We may next consider the mirage produced by horizontal or lateral reflection.
"In the horizontal or lateral reflections, the mirage represents the reflected image sideways. Thus, on the 17th of September, 1818, M. Jurine and Soret observed a lateral mirage on the lake of Geneva. A bark, about four thousand toises distant, was seen approaching Geneva by the left bank of the lake, and at the same moment there was seen above the water an image of the sails, which, in place of following the direction of the bark, receded from it, and seemed to approach Geneva by the right bank of the lake, the image sailing from east to west, while the bark was sailing from north to south. This lateral mirage is known to the inhabitants of Meroa, who call it Si-koté, (castle of the cold season;) by those who live on the plains watered by the Chumbul and the Jumna, it is termed Dissaser, (prognostic.)
"In particular situations, both the vertical and lateral mirage may be observed together. Thus the late Mr. Blackadder has described some phenomena, both of vertical and lateral mirage, as seen at king George's Bastion, Leith, which are very instructive.
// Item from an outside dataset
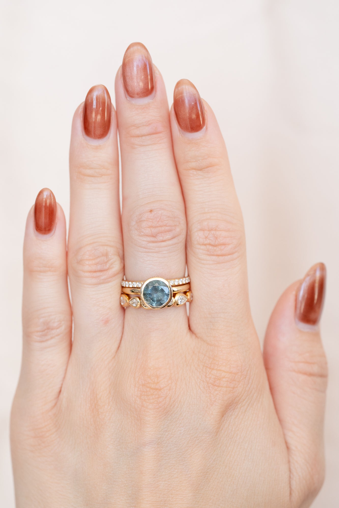 For this ring we've set a sea green Montana sapphire. Mined by our friends on the Eldorado Bar, these fascinating stones change color with the light as well. Learn more about Montana sapphires.

"The phenomenon called suspension, which is the third kind of mirage, and to which the term looming is most strictly applied, is the picturing of an object immediately over it in the air, frequently without reversion of the image. Sometimes the objects are merely raised above the height at which, under ordinary circumstances, they would appear. Thus sir R. K. Porter mentions a phenomenon of suspension, or looming, in the plains near Bagdad. 'A little before morning,' says he, 'I observed an elevated stream of water, which, from its situation, must be the Tigris. Its surface was brilliantly illuminated by the moon, but the longer I kept my eye fixed on this noble river of many interests, the more my surprise became excited at the extraordinary height of its waters above the level of the desert, till at length I began to suspect that some optical illusion from refraction was assisting the apparent elevation of the stream; but I had not conceived the extent of the deception, for as the dawn advanced the phantom river totally sunk from my sight.' The phenomenon of looming is most generally observed at sea, or near the shore. At Reggio, in Calabria, the Fata Morgana (Fairy Morgana) is visible, which for many centuries astonished the vulgar and perplexed philosophers.
"It frequently happens that the phenomenon of the vertical mirage is combined with that of suspension, so as to show in the air both a direct and an inverted image of the subject, the latter being undermost.
"Now all these phenomena, and their various modifications, depend on the different density of the lower strata of the air; and as this difference of density may be occasioned both by heat and moisture, and as heat may be reverberated from the mountain's side as well as from the horizontal surface of the plains, from the sea as from the land—and, further, as contiguous columns of air, as well as horizontal strata, may be of different densities, it is easy to conceive why the mirage may be seen in very different situations, as also why it presents such varied appearances. It will also be evident that any cause which re-establishes the equilibrium of density in the different portions of the air, must cause the illusions of the mirage to vanish."[11]
[11] Penny Cyclopædia.
It cannot be doubted that those appearances, which sailors call Cape Fly-away, the Enchanted Island, and the Flying Dutchman, etc., are the effects of the mirage. They are the objects of superstition, and thus has an illusive appearance caused many a heart to beat with fear, which never so beat in the tempest or the sea-fight.